MATERIAL PROVIDED:
- - -

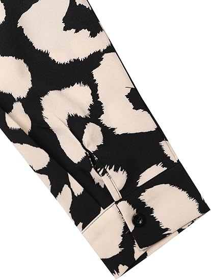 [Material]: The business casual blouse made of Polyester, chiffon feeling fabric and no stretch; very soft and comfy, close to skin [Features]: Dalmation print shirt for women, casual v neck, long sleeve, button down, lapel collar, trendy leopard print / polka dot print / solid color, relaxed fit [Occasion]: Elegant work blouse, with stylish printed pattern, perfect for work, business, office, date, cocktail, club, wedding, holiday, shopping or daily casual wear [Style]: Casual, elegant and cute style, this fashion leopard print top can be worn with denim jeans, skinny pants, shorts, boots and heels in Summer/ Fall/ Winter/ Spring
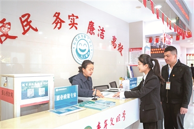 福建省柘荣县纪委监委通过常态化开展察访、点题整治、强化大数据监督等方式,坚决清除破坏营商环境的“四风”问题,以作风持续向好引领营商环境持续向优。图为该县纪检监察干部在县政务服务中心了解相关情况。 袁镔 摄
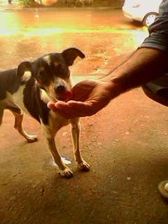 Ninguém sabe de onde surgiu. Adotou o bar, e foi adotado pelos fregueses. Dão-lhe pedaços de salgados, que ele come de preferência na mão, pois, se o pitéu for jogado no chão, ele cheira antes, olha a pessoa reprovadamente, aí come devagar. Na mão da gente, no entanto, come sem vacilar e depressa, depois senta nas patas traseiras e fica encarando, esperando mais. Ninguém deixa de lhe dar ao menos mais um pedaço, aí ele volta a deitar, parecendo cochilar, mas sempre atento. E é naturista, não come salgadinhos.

- - -

PROBLEM TO WORK ON: Print the preceding material over again exactly. Please leave the pictures out.

ANSWER TO THIS EXERCISE:
 [Material]: The business casual blouse made of Polyester, chiffon feeling fabric and no stretch; very soft and comfy, close to skin [Features]: Dalmation print shirt for women, casual v neck, long sleeve, button down, lapel collar, trendy leopard print / polka dot print / solid color, relaxed fit [Occasion]: Elegant work blouse, with stylish printed pattern, perfect for work, business, office, date, cocktail, club, wedding, holiday, shopping or daily casual wear [Style]: Casual, elegant and cute style, this fashion leopard print top can be worn with denim jeans, skinny pants, shorts, boots and heels in Summer/ Fall/ Winter/ Spring
 福建省柘荣县纪委监委通过常态化开展察访、点题整治、强化大数据监督等方式,坚决清除破坏营商环境的“四风”问题,以作风持续向好引领营商环境持续向优。图为该县纪检监察干部在县政务服务中心了解相关情况。 袁镔 摄
 Ninguém sabe de onde surgiu. Adotou o bar, e foi adotado pelos fregueses. Dão-lhe pedaços de salgados, que ele come de preferência na mão, pois, se o pitéu for jogado no chão, ele cheira antes, olha a pessoa reprovadamente, aí come devagar. Na mão da gente, no entanto, come sem vacilar e depressa, depois senta nas patas traseiras e fica encarando, esperando mais. Ninguém deixa de lhe dar ao menos mais um pedaço, aí ele volta a deitar, parecendo cochilar, mas sempre atento. E é naturista, não come salgadinhos.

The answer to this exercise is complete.